His phone rang in his pocket and he pulled it out. He saw that he had moved quite far from the location of the cottage and was now on smoother rocky ground. The phone showed it was the woman herself, Amanda Baker.

‘I need your login and password for HOLMES,’ she said. There was no hello, or how are you? Or any kind of deference in her tone. She still spoke to him like she did when she was his boss.

‘I’m at work,’ he hissed, and I’ve told you I will help with passing on any info, but you will leave a digital stamp if you log into MY account.’
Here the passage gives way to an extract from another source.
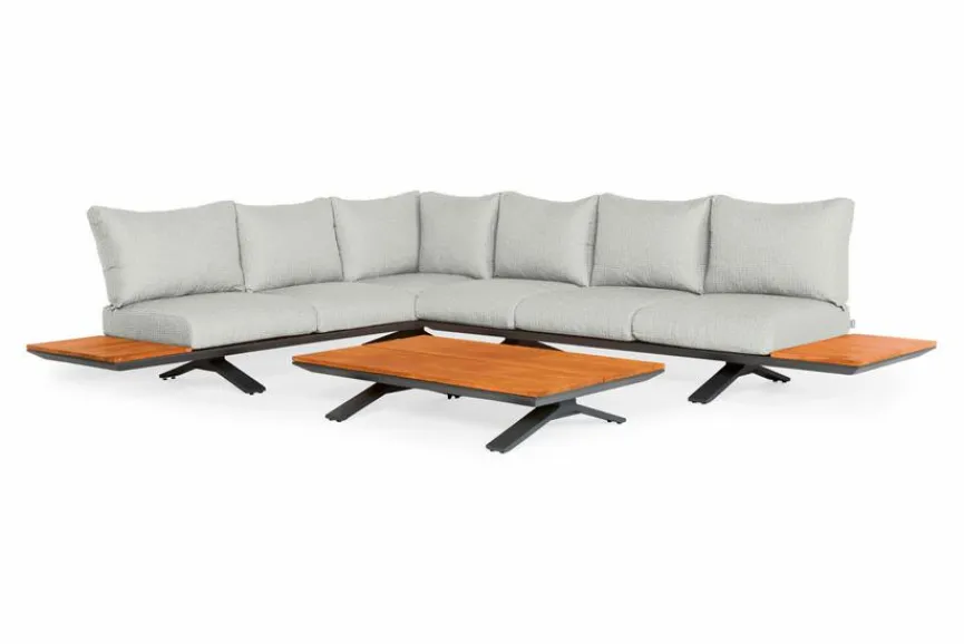 - Set besteht aus 1x 3-Sitzer mit Ecke und Seitentisch, 1x 3-Sitzer mit Seitentisch und 1x Loungetisch

‘Crawford, don’t piss me about. You’ve got far more to lose, and anyway, I’d be accessing the case your working on. Stuff you have access to.’

‘What do you need it for?’

‘I have a hunch. I’m not going to tell you what, but when I do get to the bottom of it, I will let you have it exclusively, and you can take all the glory… maybe you’ll finally get that promotion,’ she added with a mocking phlegmy laugh.

‘Amanda.’

‘Crawford, give me the fucking log in, I’m not pissing about anymore…’

He looked back at the officers milling around the cottage, most of the area had been cleared and there was only the whine of one strimmer, clearing a path to the final window. He gripped the phone, turned his back on it all, and with a heavy heart he gave her his login details.

 

 

32

 

 

Two hours after forensics went inside the cottage, Nils called Erika, Moss and Peterson over. They suited up outside, pulling on the blue all-in-one paper suits over their clothes, and then the face masks. Nils met them where a long sheet of plastic began a few meters from the front door.

The door opened straight onto the living room, where the floor was littered in broken glass. At first Erika thought was a black and white patterned floor.

‘It’s bird shit,’ said Nils. ‘We’ve scraped a little away at the edges and it’s parquet floor underneath.

‘Looks quite good. Some people pay a fortune to get a floor like that,’ said Moss.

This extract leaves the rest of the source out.